● EXERCISE AIM: With the pictures left out, write out exactly the lines of the listing below that run from the line with "Ein besonderes Highlight" through the line with "Fermuarlı ve kesimli, erkek".
(Beginning of PROVIDED INFORMATION)
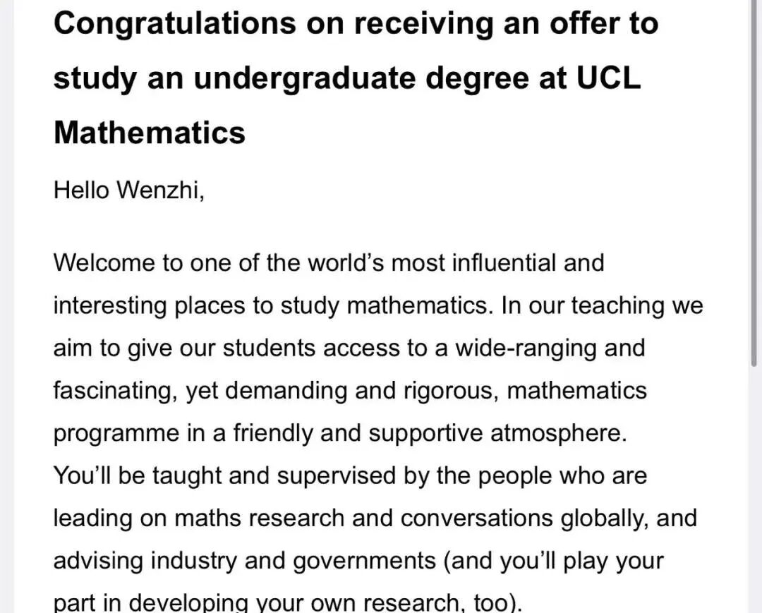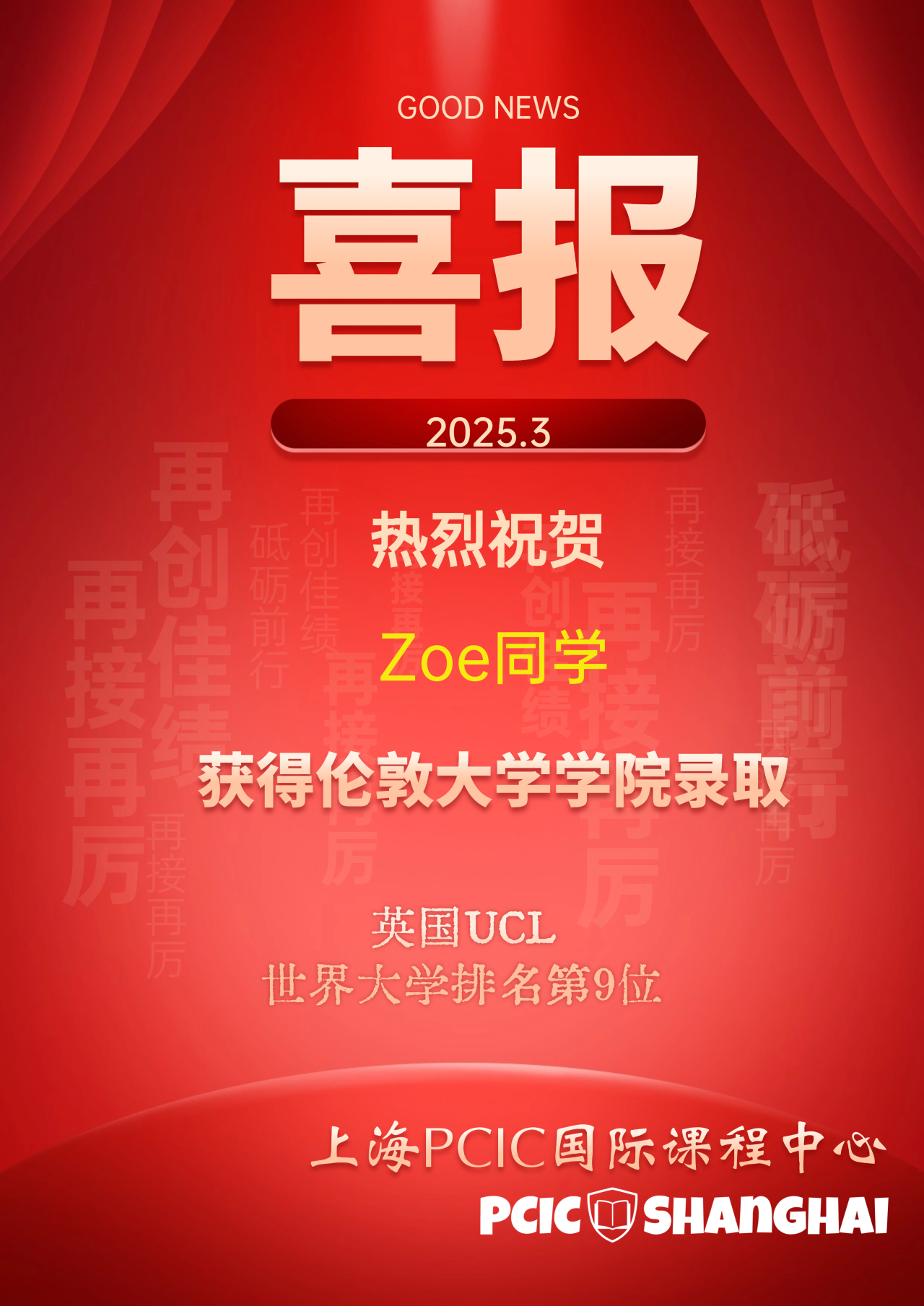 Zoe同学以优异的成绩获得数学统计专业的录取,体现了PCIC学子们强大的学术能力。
(End of PROVIDED INFORMATION)
(Beginning of PROVIDED INFORMATION)
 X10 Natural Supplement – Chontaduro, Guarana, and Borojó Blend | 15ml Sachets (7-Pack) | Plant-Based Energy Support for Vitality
(End of PROVIDED INFORMATION)
(Beginning of PROVIDED INFORMATION)
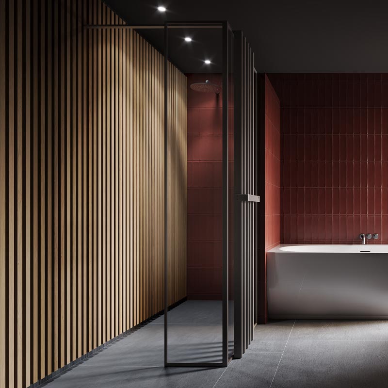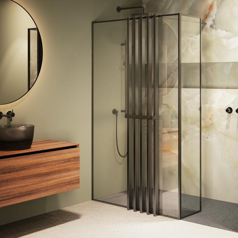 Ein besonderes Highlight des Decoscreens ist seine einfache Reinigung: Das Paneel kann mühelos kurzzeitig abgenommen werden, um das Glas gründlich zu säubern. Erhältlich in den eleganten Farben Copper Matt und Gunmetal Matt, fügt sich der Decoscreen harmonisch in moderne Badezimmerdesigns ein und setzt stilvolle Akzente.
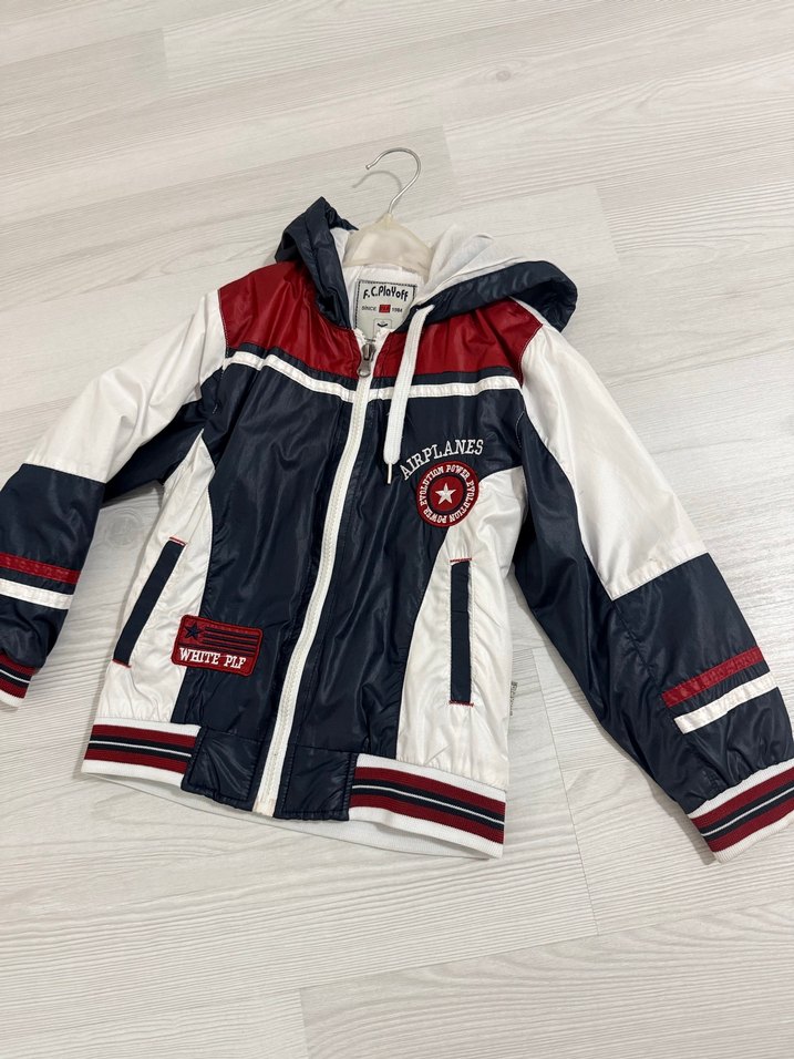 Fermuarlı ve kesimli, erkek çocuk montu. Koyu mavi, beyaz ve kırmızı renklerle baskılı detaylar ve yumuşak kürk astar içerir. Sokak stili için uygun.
(End of PROVIDED INFORMATION)
● OUTPUT OF THE EXERCISE:
 Ein besonderes Highlight des Decoscreens ist seine einfache Reinigung: Das Paneel kann mühelos kurzzeitig abgenommen werden, um das Glas gründlich zu säubern. Erhältlich in den eleganten Farben Copper Matt und Gunmetal Matt, fügt sich der Decoscreen harmonisch in moderne Badezimmerdesigns ein und setzt stilvolle Akzente.
 Fermuarlı ve kesimli, erkek çocuk montu. Koyu mavi, beyaz ve kırmızı renklerle baskılı detaylar ve yumuşak kürk astar içerir. Sokak stili için uygun.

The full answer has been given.